In 1935, Adolf Hitler announced that Germany would construct aircraft carriers to strengthen the Kriegsmarine. The keels of two were laid down the next year. Two years later, Grand Admiral Erich Raeder presented an ambitious shipbuilding program called the Z Plan, in which four carriers were to be built by 1945. In 1939, he revised the plan, reducing the number to be built to two.
The German Navy has always maintained a policy of not assigning a name to a ship until she is launched. The first German carrier, laid down as "Carrier A," was named Graf Zeppelin when launched in 1938. The second carrier bore only the title "Carrier B," since she was never launched. Various names, including Peter Strasser and Deutschland, were rumored, but no official decision was ever made.
A review of the Führer's conferences on matters dealing with the German Navy, the minutes of which were captured after the fall of the Third Reich, reveals Hitler's vacillating interest in the carriers. Marshall Hermann Göring, Commander in Chief of the Luftwaffe, was resentful of any incursion on his authority as head of the country's air power and he frustrated Raeder at every opportunity.
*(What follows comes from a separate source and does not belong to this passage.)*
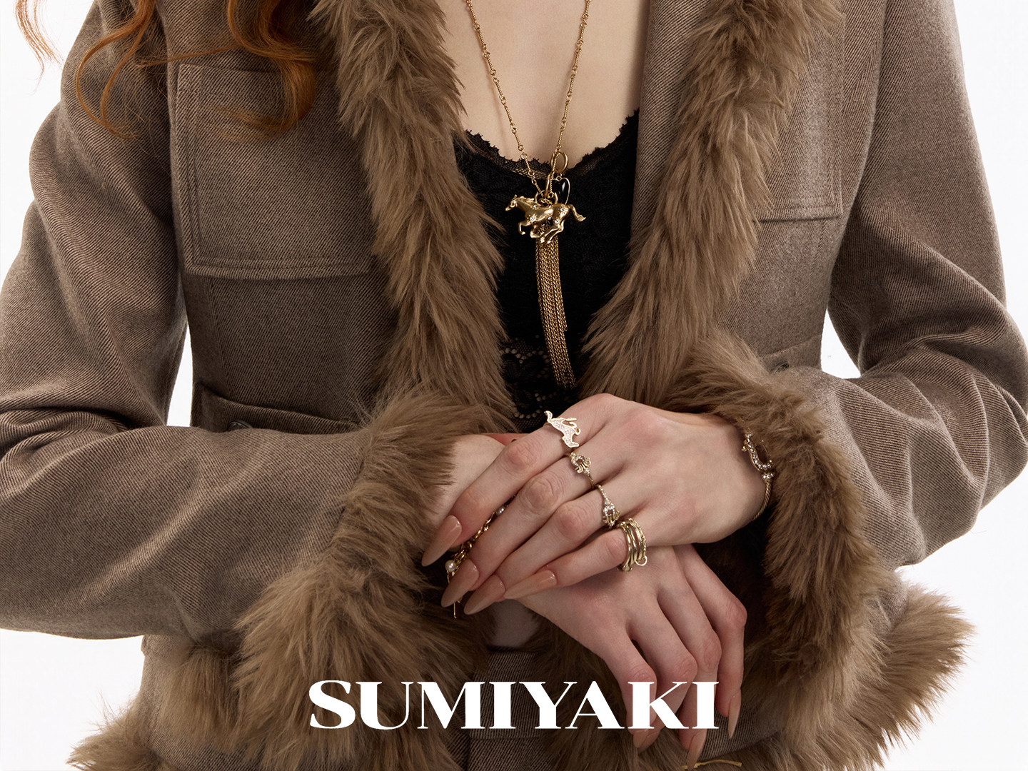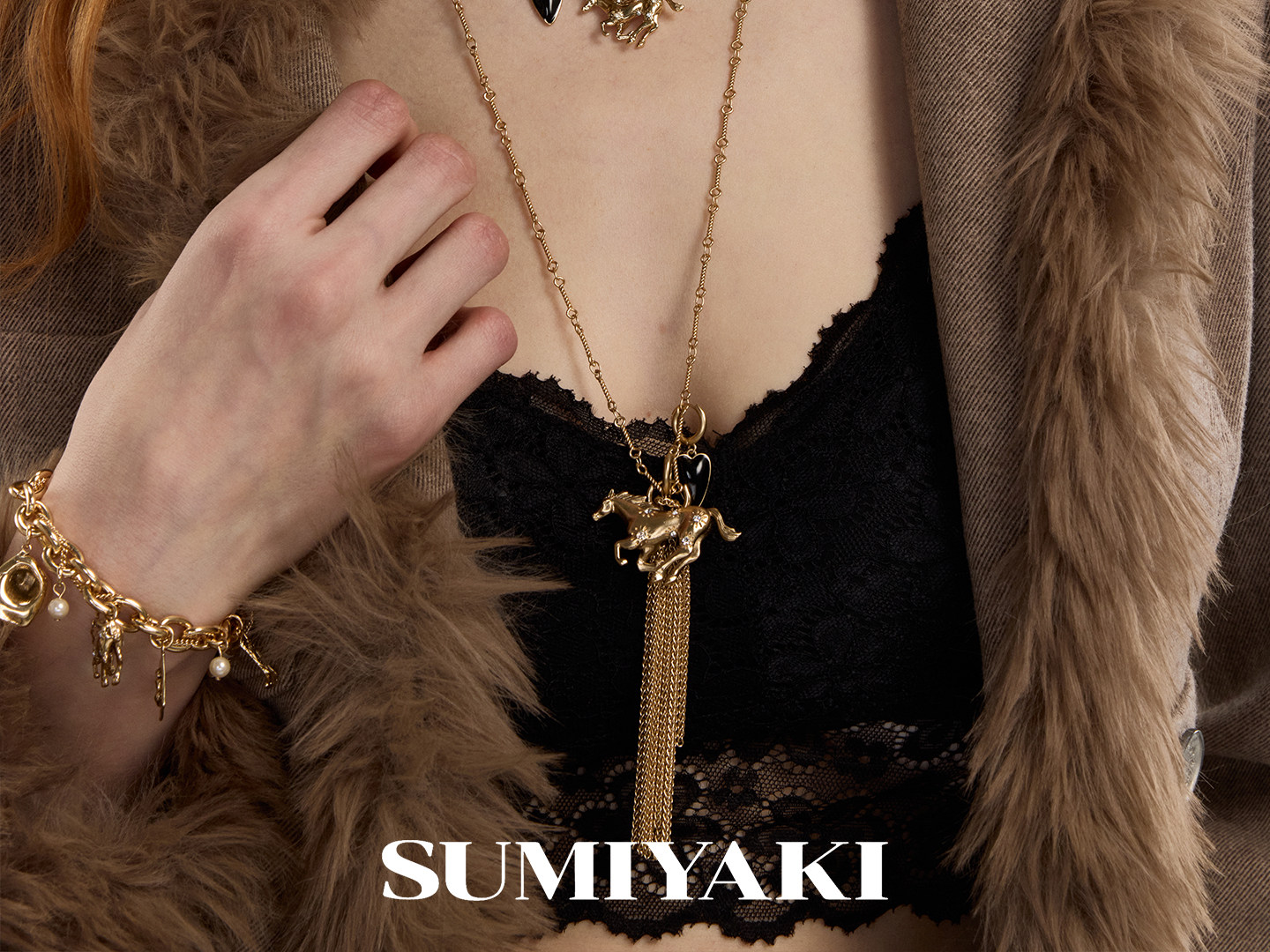 SUMIYAKI Pony Diamond Fringed Long Necklace

Within his own service, Raeder found opposition in Admiral Karl Doenitz, a submarine man.
By May 1941, the strain on manpower and raw materials was being felt in Germany. Raeder was still optimistic, however, and informed Hitler that Graf Zeppelin, then about 85 per cent complete, would be completed in about a year and that another year would be required for sea trials and flight training.
Though Hitler continued to assure Raeder that the carriers would be built, the Admiral's war with Göring had no truce and became increasingly bitter. Göring showed his contempt for the naval air arm by informing Hitler and Raeder that the aircraft ordered for Graf Zeppelin could not be available until the end of 1944. Göring's delaying tactics worked.
Construction on the carriers had been fitful from the start. "Carrier B" was abandoned in 1940 and broken up. Manpower and material shortages plagued the Graf Zeppelin.
Prodded by Raeder, Hitler ordered Göring to produce aircraft for the carrier and under this pressure, the air marshall offered redesigned versions of the Junkers Ju 87B and the Messerschmitt Bf 109E-3 which were at that time being phased out of the Luftwaffe first-line squadrons. Raeder was unhappy, but he had to accept them or none at all. This forced another delay in the construction of the carrier: the flight deck installations had to be changed.
By 1943, Hitler had become disenchanted with his Navy. Raeder was relieved at his own request and Doenitz, the submarine admiral, took the top naval post. Work on Graf Zeppelin stopped completely.
As the end of World War II neared, Graf Zeppelin was scuttled in shallow water at Szczecin (known to the Germans as Stettin) on 25 April, 1945. After Germany's surrender, though, her history and fate is unclear. According to the terms of the Allied Tripartite Commission, a "Category C" ship (damaged or scuttled) should have been destroyed or sunk in deep water by 15 August 1946. However, reports were received in 1947 that she had been raised by the Soviet Union and towed to Leningrad. She probably left Śeeświnoujcie (the port of Szczecin, known to the Germans as Swinemünde) on 14 August 1947.
It is very unlikely that the hulk made it to Leningrad; the arrival of such a large and unusual vessel would have been noticed by Western intelligence forces. This assumption implies that the hulk was lost at sea between Swinemünde and Leningrad.
One account concludes that she struck a mine north of Rügen on 15 August 1947, but Rügen, west of Swinemünde, is not on the sailing route to Leningrad. Further north, in the Gulf of Finland, a heavily-mined area difficult for Western observers to monitor, is more likely.
Another account specifies that the Soviets designated Graf Zeppelin "PO-101" (Floating Base Number 101), towed a short way from Swinemünde, and anchored as a training target for dive-bombers and torpedo vessels. The tests began on 16 August 1947. Allegedly, the Soviets installed aerial bombs on the flight deck, in hangars and even inside the funnels (to simulate a load of combat munitions), and then dropped bombs from aircraft, fired shells, and shot torpedoes into her. This assault would both comply with the Tripartite mandate (albeit late) and provide the Soviets with experience in sinking an aircraft carrier.